Yergeau, Nicol, Adams & Dürst — Internationalization of HTML

4. Additional entities, attributes and elements

4.1. Full Latin-1 entity set

According to the suggestion of section 14 of [RFC1866], the set of Latin-1 entities is extended to cover the whole right part of ISO-8859-1 (all code positions with the high-order bit set), including the already commonly used  , © (©) and ® (®). The names of the entities are taken from the appendices of SGML [ISO-8879]. A list is provided in section 7.3 of this specification.

4.2. Markup for language-dependent presentation
4.2.1. Overview

For the correct presentation of text in certain languages (irrespective of formatting issues), some support in the form of additional entities and elements is needed.

In particular, the following features are dealt with:

Some of the above features need very little additional support; others need more. The additional features are introduced below with brief comments only. Explanations on cursive joining behaviour and bidirectional text follow later. For cursive joining behaviour and bidirectional text, this document follows [UNICODE] in that: i) character semantics, where applicable, are identical to [UNICODE], and ii) where functionality is moved to HTML as a higher level protocol, this is done in a way that allows straightforward conversion to the lower-level mechanisms defined in [UNICODE].

4.2.2. List of entities, elements, and attributes

First, a generic container is needed to carry the LANG and DIR (see below) attributes in cases where no other element is appropriate; the SPAN element is introduced for that purpose.

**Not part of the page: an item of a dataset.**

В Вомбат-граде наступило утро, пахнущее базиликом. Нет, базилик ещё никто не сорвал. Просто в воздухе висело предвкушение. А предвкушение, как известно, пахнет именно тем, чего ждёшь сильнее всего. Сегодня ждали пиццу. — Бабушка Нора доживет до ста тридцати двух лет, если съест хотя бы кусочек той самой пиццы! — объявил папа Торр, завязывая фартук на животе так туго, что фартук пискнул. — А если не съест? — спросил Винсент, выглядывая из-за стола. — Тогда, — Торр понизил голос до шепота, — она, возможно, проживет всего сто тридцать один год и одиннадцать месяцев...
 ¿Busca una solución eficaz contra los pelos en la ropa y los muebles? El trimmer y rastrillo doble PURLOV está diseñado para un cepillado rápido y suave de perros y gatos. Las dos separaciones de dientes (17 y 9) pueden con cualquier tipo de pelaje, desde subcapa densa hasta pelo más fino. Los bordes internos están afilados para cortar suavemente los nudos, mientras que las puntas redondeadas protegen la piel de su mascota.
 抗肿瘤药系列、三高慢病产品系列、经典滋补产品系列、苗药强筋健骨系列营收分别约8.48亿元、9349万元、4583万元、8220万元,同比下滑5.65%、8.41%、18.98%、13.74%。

A set of named character entities is added for use with bidirectional rendering and cursive joining control:

<!ENTITY zwnj CDATA "&#8204;"--=zero width non-joiner-->
<!ENTITY zwj  CDATA "&#8205;"--=zero width joiner-->
<!ENTITY lrm  CDATA "&#8206;"--=left-to-right mark-->
<!ENTITY rlm  CDATA "&#8207;"--=right-to-left mark-->
These entities can be used in place of the corresponding formatting characters whenever convenient, for example to ease keyboard entry or when a formatting character is not available in the character encoding of the document.

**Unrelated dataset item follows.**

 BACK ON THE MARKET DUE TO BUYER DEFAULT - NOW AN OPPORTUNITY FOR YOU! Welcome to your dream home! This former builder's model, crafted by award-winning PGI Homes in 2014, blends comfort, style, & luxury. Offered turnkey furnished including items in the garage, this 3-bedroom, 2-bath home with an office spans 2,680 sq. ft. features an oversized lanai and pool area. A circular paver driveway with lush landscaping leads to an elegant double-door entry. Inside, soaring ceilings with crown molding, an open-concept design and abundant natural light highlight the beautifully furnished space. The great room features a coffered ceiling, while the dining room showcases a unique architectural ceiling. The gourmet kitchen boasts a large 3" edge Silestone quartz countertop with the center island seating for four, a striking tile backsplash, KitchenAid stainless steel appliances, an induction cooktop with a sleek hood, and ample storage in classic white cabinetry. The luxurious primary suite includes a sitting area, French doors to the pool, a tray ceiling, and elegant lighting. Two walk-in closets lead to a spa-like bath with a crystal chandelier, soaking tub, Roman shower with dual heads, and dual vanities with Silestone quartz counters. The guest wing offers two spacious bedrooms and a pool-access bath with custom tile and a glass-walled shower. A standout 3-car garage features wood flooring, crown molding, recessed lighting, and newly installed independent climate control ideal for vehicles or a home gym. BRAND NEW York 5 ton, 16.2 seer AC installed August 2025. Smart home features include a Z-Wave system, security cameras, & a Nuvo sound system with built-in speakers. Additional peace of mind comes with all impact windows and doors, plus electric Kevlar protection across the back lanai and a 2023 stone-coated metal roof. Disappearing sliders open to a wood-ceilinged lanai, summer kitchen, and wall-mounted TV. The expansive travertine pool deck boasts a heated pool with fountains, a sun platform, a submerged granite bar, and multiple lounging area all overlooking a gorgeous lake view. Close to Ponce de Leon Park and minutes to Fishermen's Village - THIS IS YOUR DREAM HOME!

Next, an attribute called DIR is introduced, restricted to the values LTR (left-to-right) and RTL (right-to-left) and admitted by most elements, for the indication of directionality in the context of bidirectional text (see 4.2.4 below for details). Since any text and many other elements (e.g. tables) can logically be assigned a directionality, all elements except BR, HR, BASE, NEXTID, and META admit this attribute. The DTD reflects this. It is also intended that any new element introduced in later versions of HTML will admit the DIR attribute, unless there is a good reason not to do so.

A new phrase-level element called BDO (BIDI Override) is introduced, which requires the DIR attribute to specify whether the override is left-to-right or right-to-left. This element is required for bidirectional text control; for detailed explanations, see section 4.2.4.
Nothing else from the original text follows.